- HOW TO COMPLETE THIS TASK -
Write exactly the lines running from the start of the material below to the line that includes "为深入贯彻落实习近平新时代中", and include no pictures.

- RECORDS TO PROCESS -

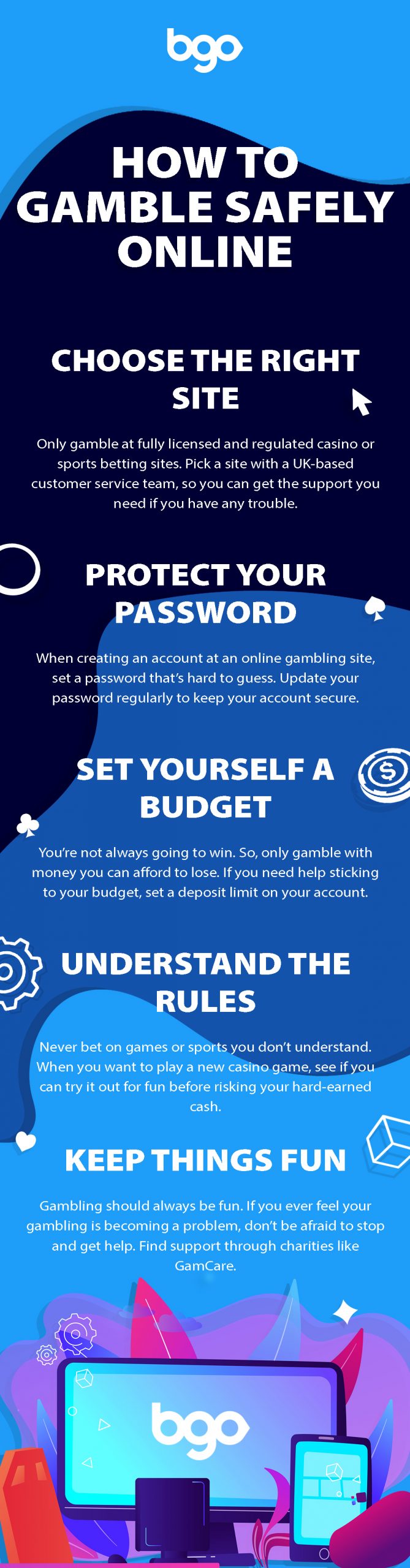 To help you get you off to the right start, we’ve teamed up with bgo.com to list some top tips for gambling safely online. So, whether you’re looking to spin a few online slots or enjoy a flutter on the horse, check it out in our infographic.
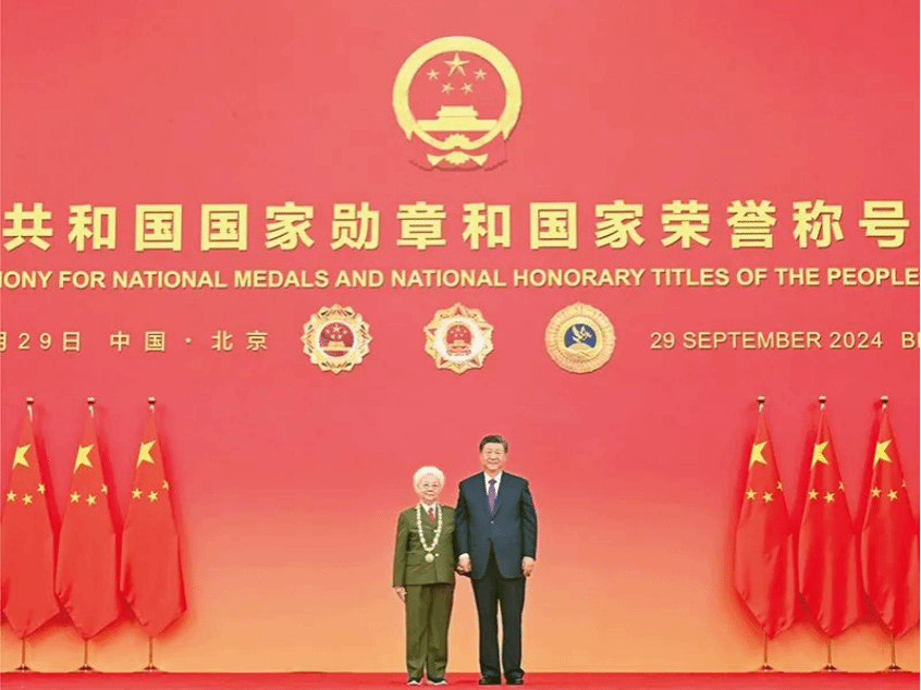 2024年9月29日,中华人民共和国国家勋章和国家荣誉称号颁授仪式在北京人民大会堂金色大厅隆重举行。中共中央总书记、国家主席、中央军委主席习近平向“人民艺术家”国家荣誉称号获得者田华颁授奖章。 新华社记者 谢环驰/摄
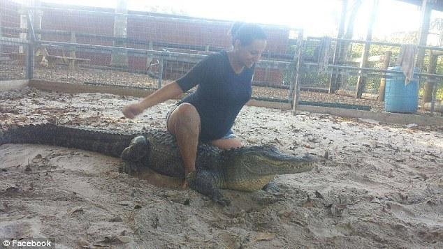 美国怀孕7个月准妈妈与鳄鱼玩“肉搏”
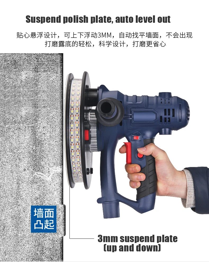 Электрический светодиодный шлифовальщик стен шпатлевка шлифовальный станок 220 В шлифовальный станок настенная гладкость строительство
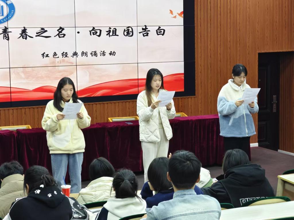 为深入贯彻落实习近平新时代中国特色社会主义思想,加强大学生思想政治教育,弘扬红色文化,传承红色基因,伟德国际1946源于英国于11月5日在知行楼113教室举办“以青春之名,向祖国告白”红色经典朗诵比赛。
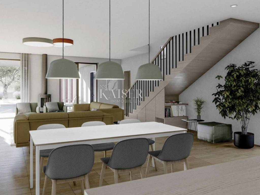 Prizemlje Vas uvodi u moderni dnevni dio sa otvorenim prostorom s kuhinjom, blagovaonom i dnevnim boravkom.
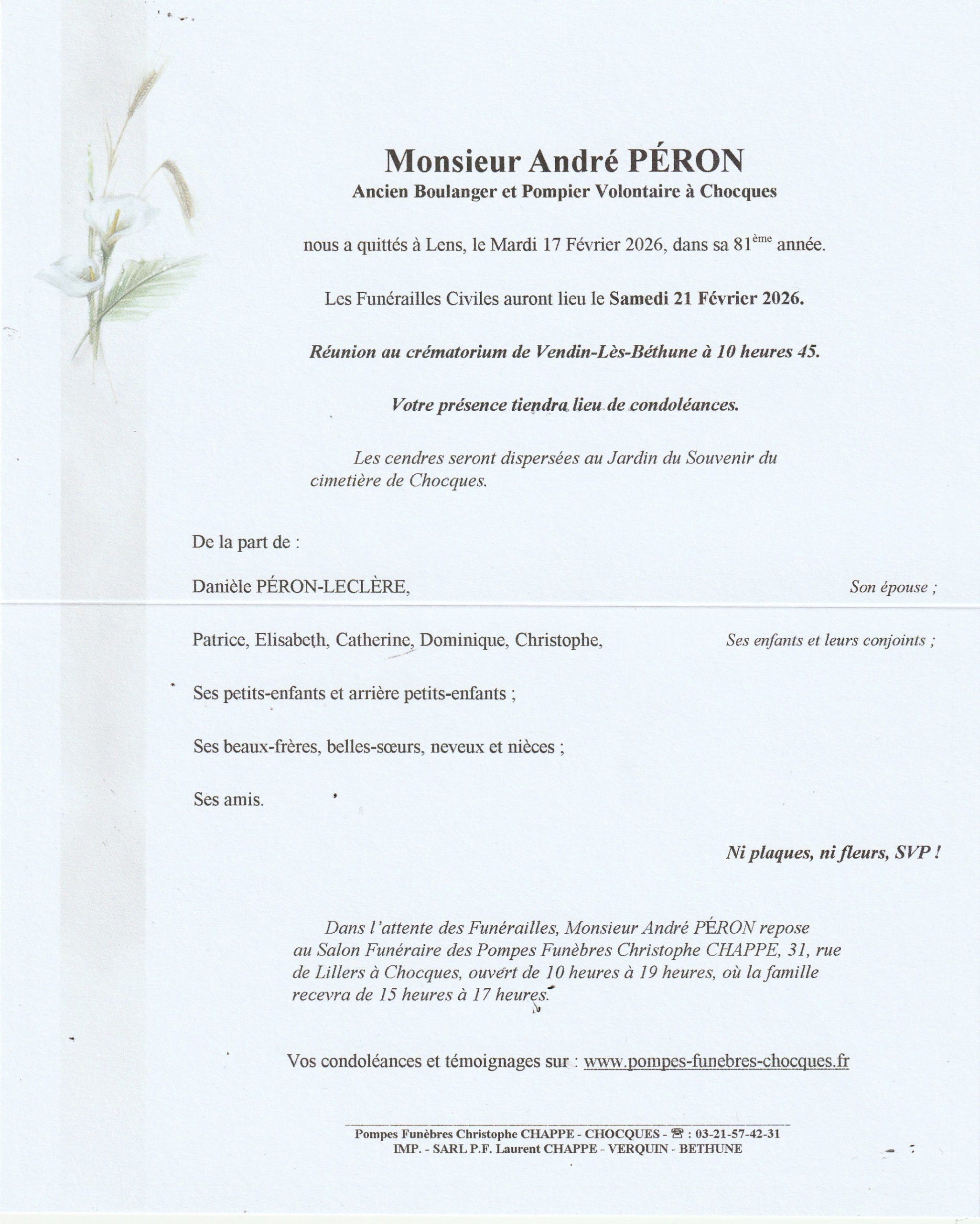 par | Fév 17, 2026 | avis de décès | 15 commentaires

- SOLUTION BELOW -
 To help you get you off to the right start, we’ve teamed up with bgo.com to list some top tips for gambling safely online. So, whether you’re looking to spin a few online slots or enjoy a flutter on the horse, check it out in our infographic.
 2024年9月29日,中华人民共和国国家勋章和国家荣誉称号颁授仪式在北京人民大会堂金色大厅隆重举行。中共中央总书记、国家主席、中央军委主席习近平向“人民艺术家”国家荣誉称号获得者田华颁授奖章。 新华社记者 谢环驰/摄
 美国怀孕7个月准妈妈与鳄鱼玩“肉搏”
 Электрический светодиодный шлифовальщик стен шпатлевка шлифовальный станок 220 В шлифовальный станок настенная гладкость строительство
 为深入贯彻落实习近平新时代中国特色社会主义思想,加强大学生思想政治教育,弘扬红色文化,传承红色基因,伟德国际1946源于英国于11月5日在知行楼113教室举办“以青春之名,向祖国告白”红色经典朗诵比赛。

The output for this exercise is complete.